■ **Directions**:
Leaving out the images, return the data below exactly as it is written.

■ **Dataset excerpt**:
- - - - - - -

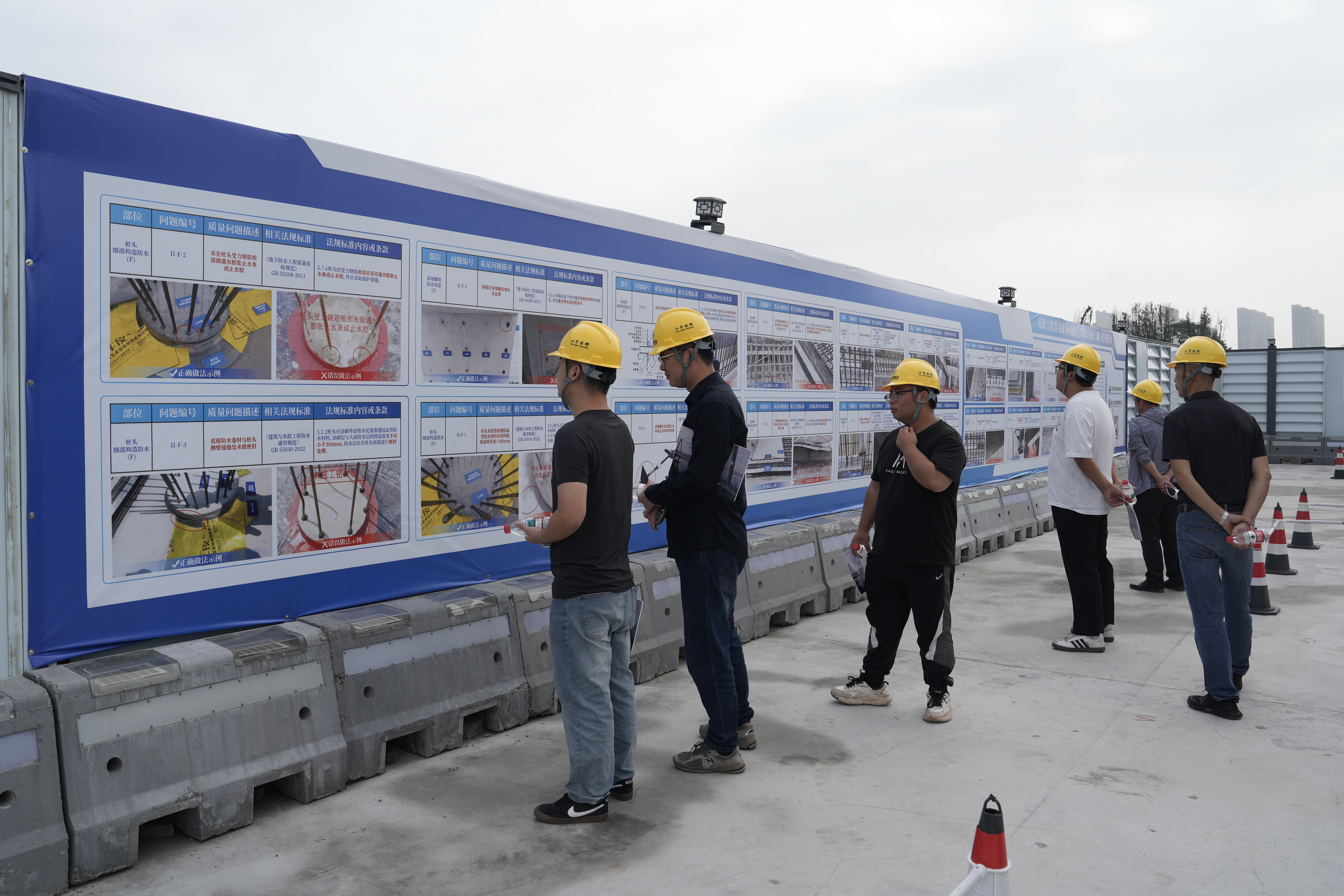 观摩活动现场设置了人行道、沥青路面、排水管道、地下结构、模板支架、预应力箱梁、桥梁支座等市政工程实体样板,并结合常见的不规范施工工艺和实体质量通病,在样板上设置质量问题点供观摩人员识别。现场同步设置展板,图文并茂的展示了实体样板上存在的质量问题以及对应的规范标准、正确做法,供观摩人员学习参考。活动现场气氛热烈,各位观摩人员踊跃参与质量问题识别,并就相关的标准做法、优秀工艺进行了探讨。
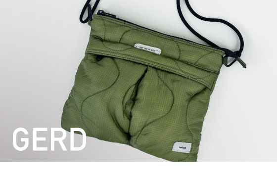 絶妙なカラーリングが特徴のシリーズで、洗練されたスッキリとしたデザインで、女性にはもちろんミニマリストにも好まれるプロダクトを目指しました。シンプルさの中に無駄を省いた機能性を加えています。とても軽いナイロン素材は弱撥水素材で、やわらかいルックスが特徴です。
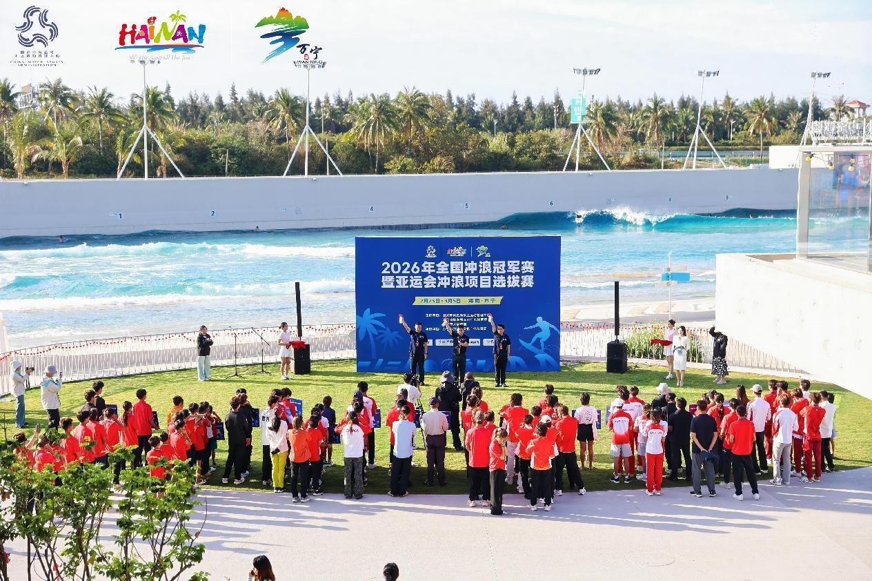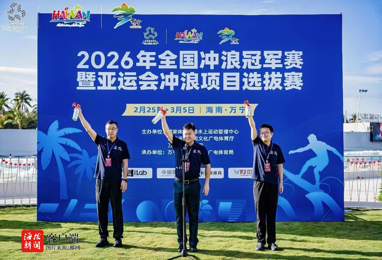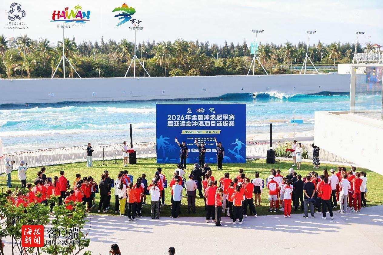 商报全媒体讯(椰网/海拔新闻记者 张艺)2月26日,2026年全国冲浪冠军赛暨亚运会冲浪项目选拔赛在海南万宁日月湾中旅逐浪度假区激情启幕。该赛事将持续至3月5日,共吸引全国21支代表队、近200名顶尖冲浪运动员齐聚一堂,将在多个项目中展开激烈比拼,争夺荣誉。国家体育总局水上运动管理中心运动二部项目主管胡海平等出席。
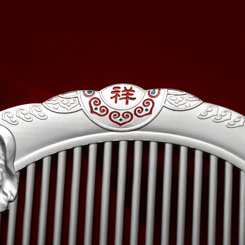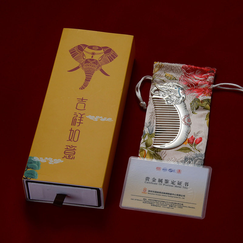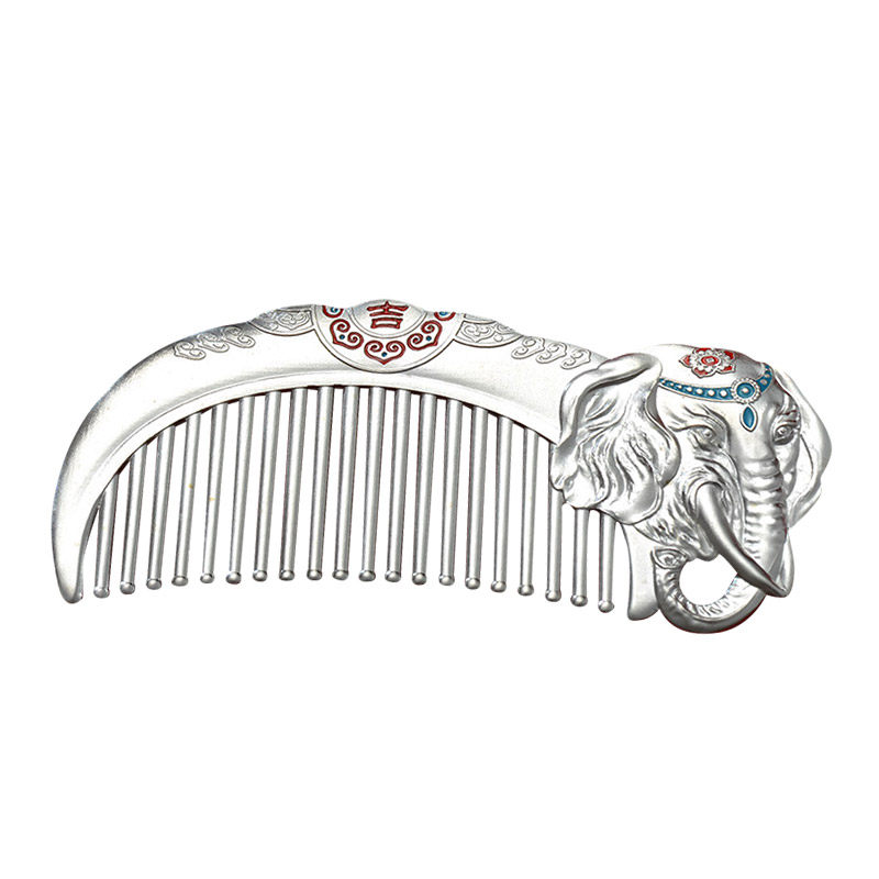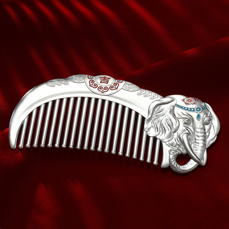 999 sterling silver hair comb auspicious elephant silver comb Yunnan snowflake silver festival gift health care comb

- - - - - - -

■ **Your response**:
 观摩活动现场设置了人行道、沥青路面、排水管道、地下结构、模板支架、预应力箱梁、桥梁支座等市政工程实体样板,并结合常见的不规范施工工艺和实体质量通病,在样板上设置质量问题点供观摩人员识别。现场同步设置展板,图文并茂的展示了实体样板上存在的质量问题以及对应的规范标准、正确做法,供观摩人员学习参考。活动现场气氛热烈,各位观摩人员踊跃参与质量问题识别,并就相关的标准做法、优秀工艺进行了探讨。
 絶妙なカラーリングが特徴のシリーズで、洗練されたスッキリとしたデザインで、女性にはもちろんミニマリストにも好まれるプロダクトを目指しました。シンプルさの中に無駄を省いた機能性を加えています。とても軽いナイロン素材は弱撥水素材で、やわらかいルックスが特徴です。
 商报全媒体讯(椰网/海拔新闻记者 张艺)2月26日,2026年全国冲浪冠军赛暨亚运会冲浪项目选拔赛在海南万宁日月湾中旅逐浪度假区激情启幕。该赛事将持续至3月5日,共吸引全国21支代表队、近200名顶尖冲浪运动员齐聚一堂,将在多个项目中展开激烈比拼,争夺荣誉。国家体育总局水上运动管理中心运动二部项目主管胡海平等出席。
 999 sterling silver hair comb auspicious elephant silver comb Yunnan snowflake silver festival gift health care comb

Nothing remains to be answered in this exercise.